[TASK STATEMENT] Output the data below only from the line containing "Après séchage complet, la" up to and including the line containing "1855 - 20c deep", exact and with the pictures left out.

[DATA FOR PROCESSING]

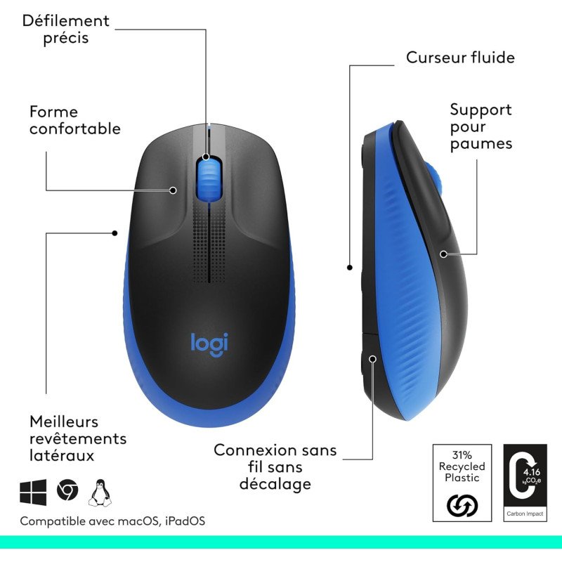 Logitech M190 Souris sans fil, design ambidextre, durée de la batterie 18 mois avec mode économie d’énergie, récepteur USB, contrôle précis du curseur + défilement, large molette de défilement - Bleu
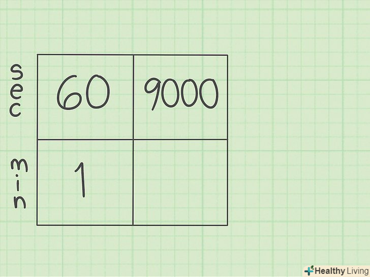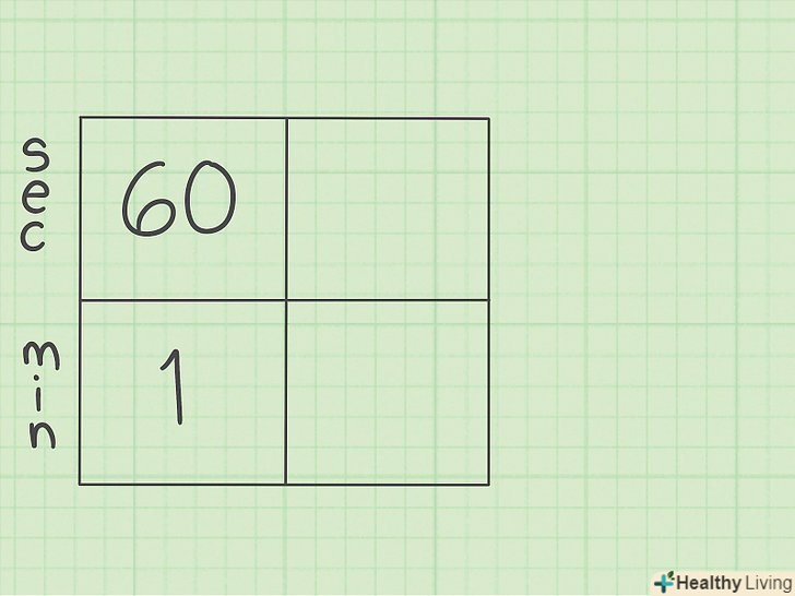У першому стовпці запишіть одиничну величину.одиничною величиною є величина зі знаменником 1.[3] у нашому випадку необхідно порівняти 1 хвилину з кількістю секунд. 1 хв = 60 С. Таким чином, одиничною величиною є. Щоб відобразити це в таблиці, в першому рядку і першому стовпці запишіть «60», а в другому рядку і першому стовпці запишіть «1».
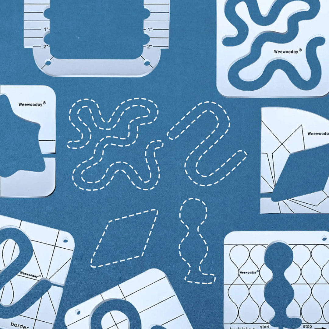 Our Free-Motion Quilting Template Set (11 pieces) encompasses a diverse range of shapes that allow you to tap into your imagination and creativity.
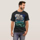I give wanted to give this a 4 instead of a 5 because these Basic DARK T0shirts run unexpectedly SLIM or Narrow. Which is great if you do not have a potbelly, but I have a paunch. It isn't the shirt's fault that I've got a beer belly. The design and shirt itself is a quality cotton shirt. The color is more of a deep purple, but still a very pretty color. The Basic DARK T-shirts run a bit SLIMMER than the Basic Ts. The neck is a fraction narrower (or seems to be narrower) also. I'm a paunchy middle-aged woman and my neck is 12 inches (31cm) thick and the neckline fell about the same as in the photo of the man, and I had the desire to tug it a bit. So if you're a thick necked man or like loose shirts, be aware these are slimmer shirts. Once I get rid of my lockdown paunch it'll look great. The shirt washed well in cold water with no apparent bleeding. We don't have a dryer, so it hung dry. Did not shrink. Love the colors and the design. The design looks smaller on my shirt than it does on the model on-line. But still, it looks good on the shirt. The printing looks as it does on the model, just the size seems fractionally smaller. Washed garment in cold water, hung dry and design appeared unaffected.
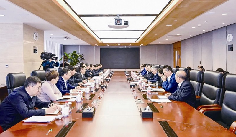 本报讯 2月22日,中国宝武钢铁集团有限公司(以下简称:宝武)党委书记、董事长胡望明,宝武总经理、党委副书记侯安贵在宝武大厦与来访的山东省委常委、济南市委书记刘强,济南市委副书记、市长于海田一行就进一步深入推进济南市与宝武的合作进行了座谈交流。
* * *
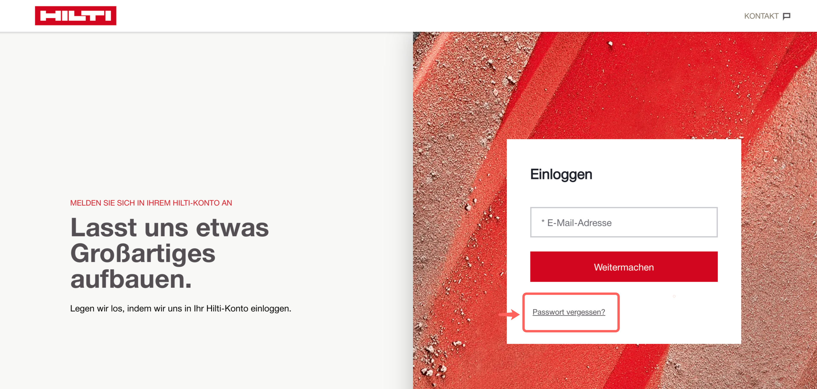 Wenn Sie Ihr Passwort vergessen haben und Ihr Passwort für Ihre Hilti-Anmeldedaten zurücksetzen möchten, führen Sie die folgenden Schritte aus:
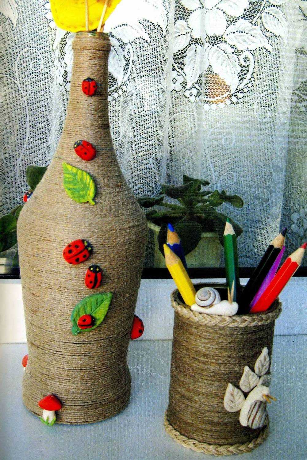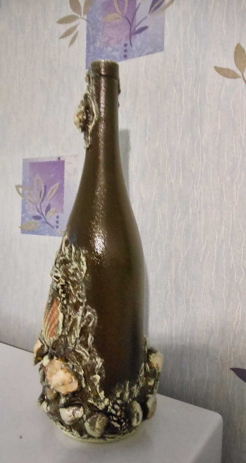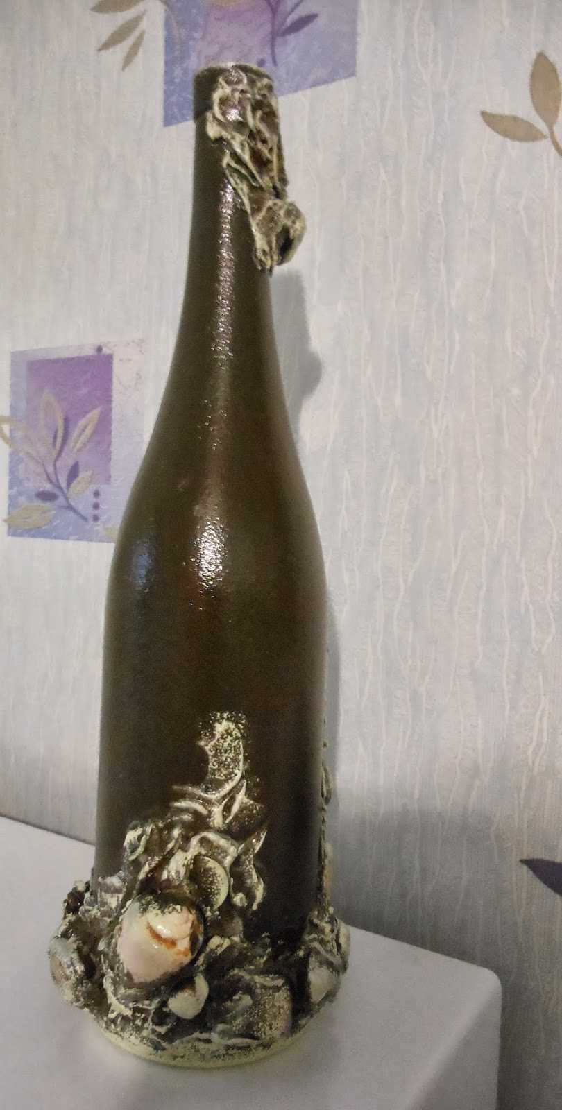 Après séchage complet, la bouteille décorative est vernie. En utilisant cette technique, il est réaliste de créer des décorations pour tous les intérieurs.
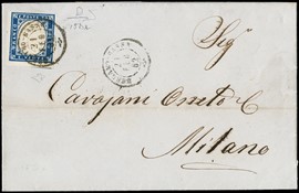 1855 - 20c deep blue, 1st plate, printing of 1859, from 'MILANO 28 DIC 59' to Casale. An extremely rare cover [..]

[EXERCISE ANSWER]
 Après séchage complet, la bouteille décorative est vernie. En utilisant cette technique, il est réaliste de créer des décorations pour tous les intérieurs.
 1855 - 20c deep blue, 1st plate, printing of 1859, from 'MILANO 28 DIC 59' to Casale. An extremely rare cover [..]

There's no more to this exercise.